FACT: Downloading JSTOR articles was one minor footnote among the many amazing projects Aaron was working on at the time. From the fall of 2010 until his death in 2013, Aaron’s projects included, but were not limited to: SecureDrop, the leak-protecting technology for journalists now implemented by outlets ranging from The New Yorker to Forbes to The Guardian; the SOPA/PIPA fight, The Flaming Sword of Justice (now The Good Fight), a podcast about activism which went on to reach the top of the iTunes charts; VictoryKit, an online campaigning toolset still mobilizing activists around the world; and co-founding Demand Progress.

 

Aaron Swartz Was No Criminal; Was Fully “Authorized” to Download JSTOR Articles

Republished from 2014

Aaron Swartz Was No Criminal

By Dan Purcell for BoingBoing.

aaronboingboingFrom the article:

You might ask, like I did, what Aaron’s actions had to do with “computer crimes.” Aaron hadn’t broken into a secure network and stolen credit card numbers. He hadn’t stolen anyone’s healthcare data. He hadn’t violated anyone’s privacy. He hadn’t caused anybody to lose any money. There are things that are “computer crimes” that we all recognize are invasive and dangerous, and this was not one of them.

But Steve Heymann did what bureaucrats and functionaries often choose to do. He wanted make a big case to justify his existence and justify his budget. The casualties be damned.

..He had the Computer Fraud and Abuse Act, which is an over broad federal statute that has been made more broad by federal prosecutors trying to stretch its terms. But under the indictment in Aaron’s case, the government still had to prove that Aaron had gained unauthorized access to a computer system. Our defense was really pretty simple. There were going to be other nuances, and we were going to talk a lot about Aaron’s motivations and the type of person Aaron was, but our bottom line was going to be that Aaron had done only what MIT permitted him to do. He hadn’t gained unauthorized access to anything. He had gained access to JSTOR with full authorization from MIT. Just like anyone in the jury pool, anyone reading Boing Boing, or anyone in the country could have done.

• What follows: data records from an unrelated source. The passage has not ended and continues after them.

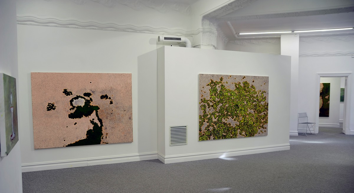 Ivar Lövheim visade stora målningar som för mig känns som mikro eller makro. Sett i ett mikroskop eller högt över jordytan eller … Allt med mycket material och struktur. Ett konstnärligt grepp.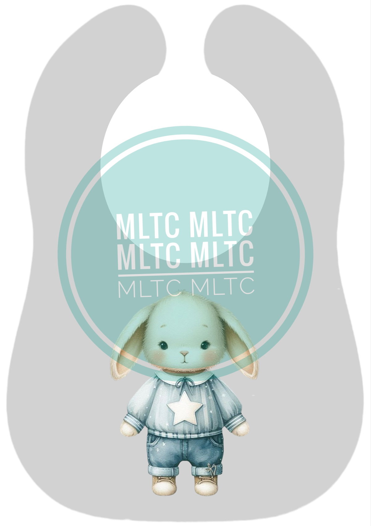 Consta de dos telas una con babero de unos 27x18 cm aprox y otra con el porta y cubre chupete haciendo juego.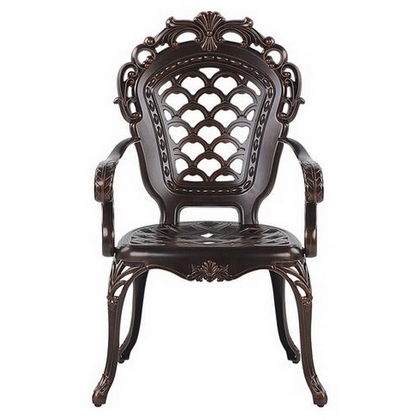 Обеденный комплект из литого алюминия состоит из стола и четырех кресел с подлокотниками.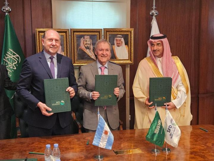 De la rúbrica, que se realizó este domingo en Riad, capital de Arabia Saudita, participaron también la vicegobernadora electa de Santa Fe, Gisela Scaglia, y el gobernador electo de Córdoba, Martín Llaryora.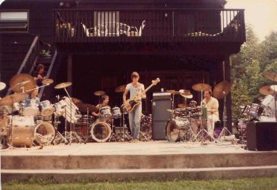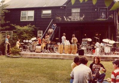 PERCUSSION INSTRUMENTS. DIFFERENT DRUMMERS WOULD BE AT EACH KIT PLAYING

We hoped that the jury would understand that and would acquit Aaron, and it quickly became obvious to us that there really wasn’t going to be opportunity to resolve the case short of trial because Steve Heymann was unreasonable.

Of course, after Aaron’s passing, it’s really easy for them to say “35 years. That was a bluff. It was never gonna happen.” That was not what they were telling us. Heymann always insisted on a sentence of hard time in Federal Prison. We said, “this is really a very trivial thing. Can’t we resolve it with probation or some other thing that made a little more sense and would make it possible for Aaron to go on with his life?”

He said “no.” He insisted that Aaron plead to a felony and serve prison time. And of course, what he said, as prosecutors often do, is that if we go to trial, it won’t be so easy, and if we lose, well, this is a tough judge, and the prosecution is going to recommend a very difficult sentence. Aaron may end up having a term of years.